PROMPT: Starting at the line that contains "4、在推送通知设置页面,点击接收通知提醒右侧的开关按钮,将其关闭。" and stopping at the line that contains "Tra i filtri", restate each line of the records below exactly. Omit the pictures.

RECORD SET:
_ _ _

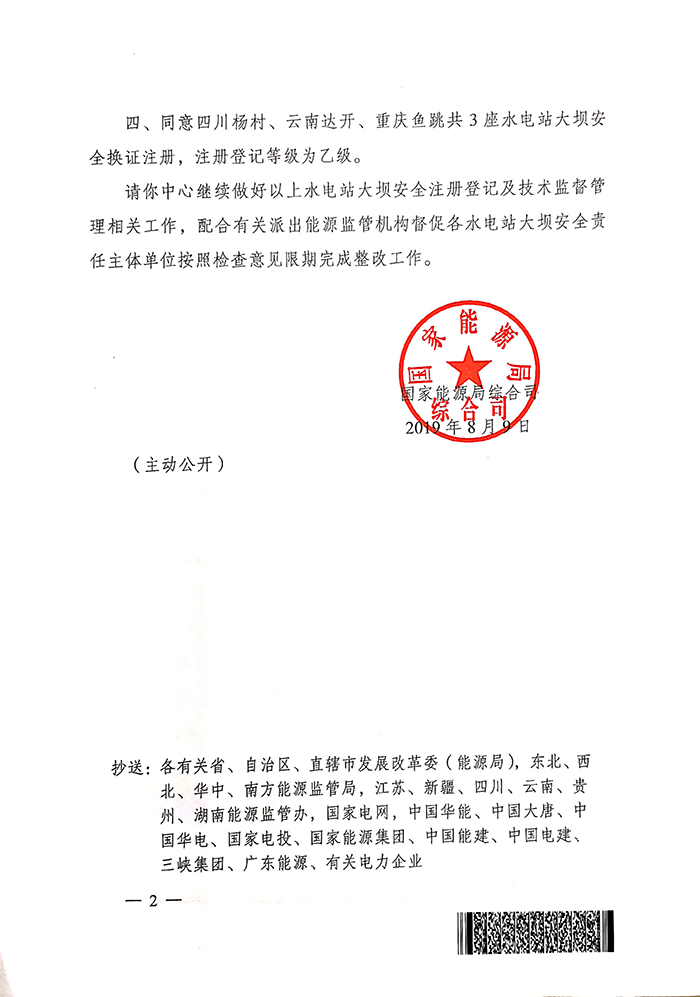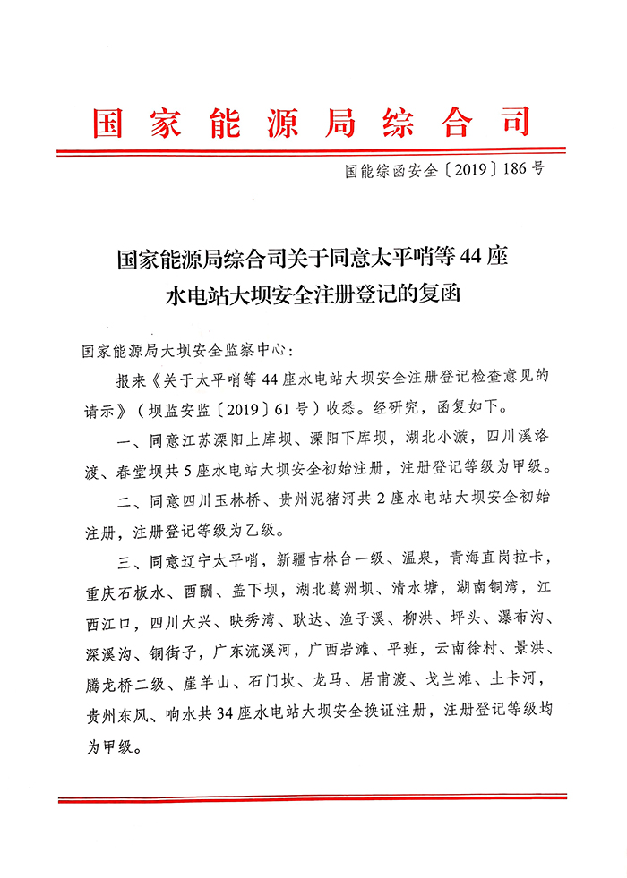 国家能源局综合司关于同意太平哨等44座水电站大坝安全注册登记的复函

_ _ _

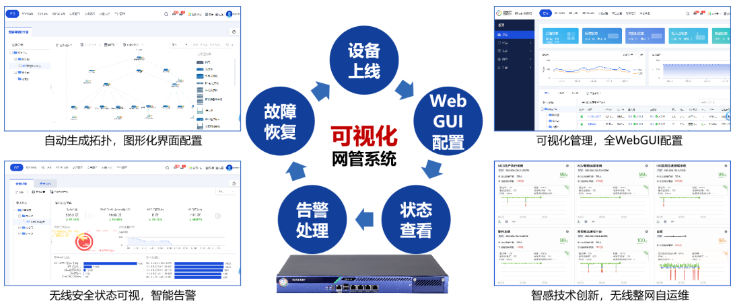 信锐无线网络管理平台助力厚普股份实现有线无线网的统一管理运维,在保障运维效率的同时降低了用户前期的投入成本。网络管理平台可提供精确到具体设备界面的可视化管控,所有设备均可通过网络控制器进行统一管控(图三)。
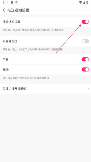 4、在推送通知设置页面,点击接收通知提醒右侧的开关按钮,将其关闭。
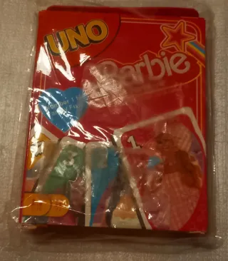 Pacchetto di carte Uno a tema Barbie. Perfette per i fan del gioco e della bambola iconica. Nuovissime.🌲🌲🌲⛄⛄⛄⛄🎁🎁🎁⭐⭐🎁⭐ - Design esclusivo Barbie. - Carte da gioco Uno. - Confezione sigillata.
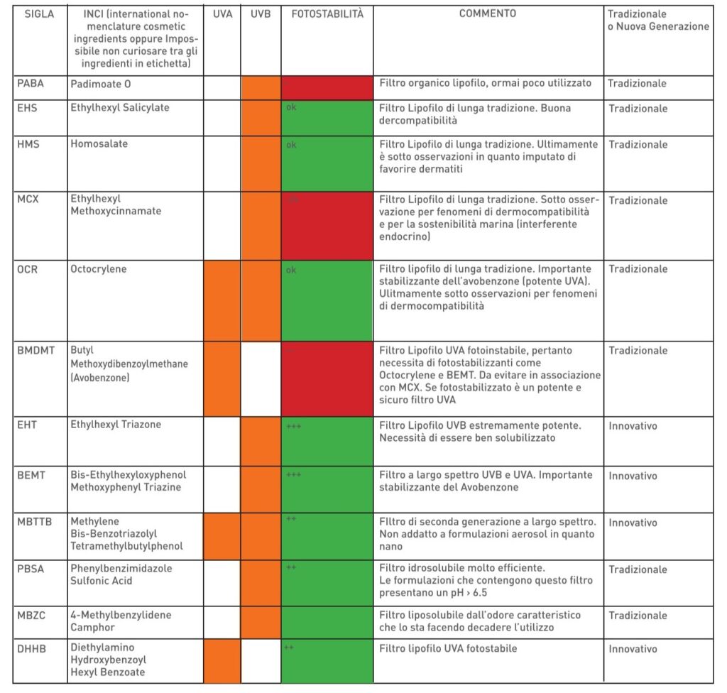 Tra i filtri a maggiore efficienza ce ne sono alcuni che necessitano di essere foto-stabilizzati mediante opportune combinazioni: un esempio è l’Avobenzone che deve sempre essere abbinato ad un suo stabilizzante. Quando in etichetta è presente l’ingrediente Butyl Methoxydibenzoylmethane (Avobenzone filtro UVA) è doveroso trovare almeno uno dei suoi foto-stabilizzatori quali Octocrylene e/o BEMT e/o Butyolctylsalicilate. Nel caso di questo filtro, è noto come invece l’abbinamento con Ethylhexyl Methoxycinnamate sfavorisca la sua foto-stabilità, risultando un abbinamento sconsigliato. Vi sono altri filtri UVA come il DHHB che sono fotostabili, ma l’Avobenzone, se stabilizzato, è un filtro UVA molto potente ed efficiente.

_ _ _

SOLUTION TO THE PROBLEM:
 4、在推送通知设置页面,点击接收通知提醒右侧的开关按钮,将其关闭。
 Pacchetto di carte Uno a tema Barbie. Perfette per i fan del gioco e della bambola iconica. Nuovissime.🌲🌲🌲⛄⛄⛄⛄🎁🎁🎁⭐⭐🎁⭐ - Design esclusivo Barbie. - Carte da gioco Uno. - Confezione sigillata.
 Tra i filtri a maggiore efficienza ce ne sono alcuni che necessitano di essere foto-stabilizzati mediante opportune combinazioni: un esempio è l’Avobenzone che deve sempre essere abbinato ad un suo stabilizzante. Quando in etichetta è presente l’ingrediente Butyl Methoxydibenzoylmethane (Avobenzone filtro UVA) è doveroso trovare almeno uno dei suoi foto-stabilizzatori quali Octocrylene e/o BEMT e/o Butyolctylsalicilate. Nel caso di questo filtro, è noto come invece l’abbinamento con Ethylhexyl Methoxycinnamate sfavorisca la sua foto-stabilità, risultando un abbinamento sconsigliato. Vi sono altri filtri UVA come il DHHB che sono fotostabili, ma l’Avobenzone, se stabilizzato, è un filtro UVA molto potente ed efficiente.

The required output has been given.